[What to produce] In the records below, begin at the line that has "In this captivating" and stop after the line that has "5月13日,村民在玉屏侗族自"; quote those lines verbatim and nothing more.

[Supplied material]
• • • • •
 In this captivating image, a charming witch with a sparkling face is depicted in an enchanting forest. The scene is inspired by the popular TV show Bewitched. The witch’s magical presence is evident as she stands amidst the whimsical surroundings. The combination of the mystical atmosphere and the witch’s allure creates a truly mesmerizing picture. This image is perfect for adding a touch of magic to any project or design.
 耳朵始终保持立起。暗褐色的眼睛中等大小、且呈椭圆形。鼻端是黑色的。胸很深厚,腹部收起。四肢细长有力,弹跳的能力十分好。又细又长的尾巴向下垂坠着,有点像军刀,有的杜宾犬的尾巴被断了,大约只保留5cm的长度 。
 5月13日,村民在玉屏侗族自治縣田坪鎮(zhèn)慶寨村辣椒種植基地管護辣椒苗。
• • • • •
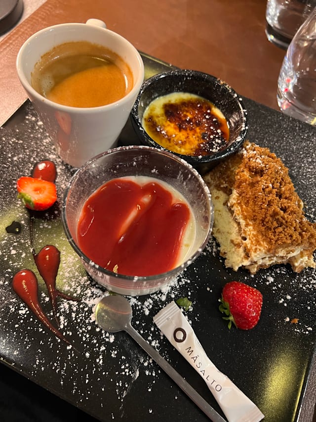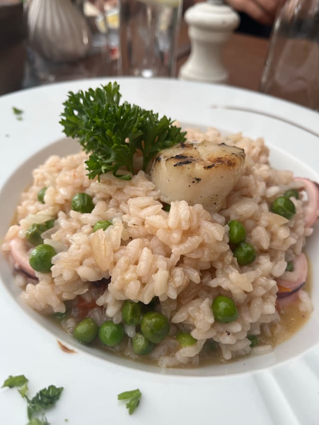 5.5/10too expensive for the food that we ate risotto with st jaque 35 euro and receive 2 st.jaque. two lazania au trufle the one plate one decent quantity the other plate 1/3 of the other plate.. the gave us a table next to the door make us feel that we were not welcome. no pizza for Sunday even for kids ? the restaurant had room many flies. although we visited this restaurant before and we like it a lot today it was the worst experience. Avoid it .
• • • • •
[Exercise result]
 In this captivating image, a charming witch with a sparkling face is depicted in an enchanting forest. The scene is inspired by the popular TV show Bewitched. The witch’s magical presence is evident as she stands amidst the whimsical surroundings. The combination of the mystical atmosphere and the witch’s allure creates a truly mesmerizing picture. This image is perfect for adding a touch of magic to any project or design.
 耳朵始终保持立起。暗褐色的眼睛中等大小、且呈椭圆形。鼻端是黑色的。胸很深厚,腹部收起。四肢细长有力,弹跳的能力十分好。又细又长的尾巴向下垂坠着,有点像军刀,有的杜宾犬的尾巴被断了,大约只保留5cm的长度 。
 5月13日,村民在玉屏侗族自治縣田坪鎮(zhèn)慶寨村辣椒種植基地管護辣椒苗。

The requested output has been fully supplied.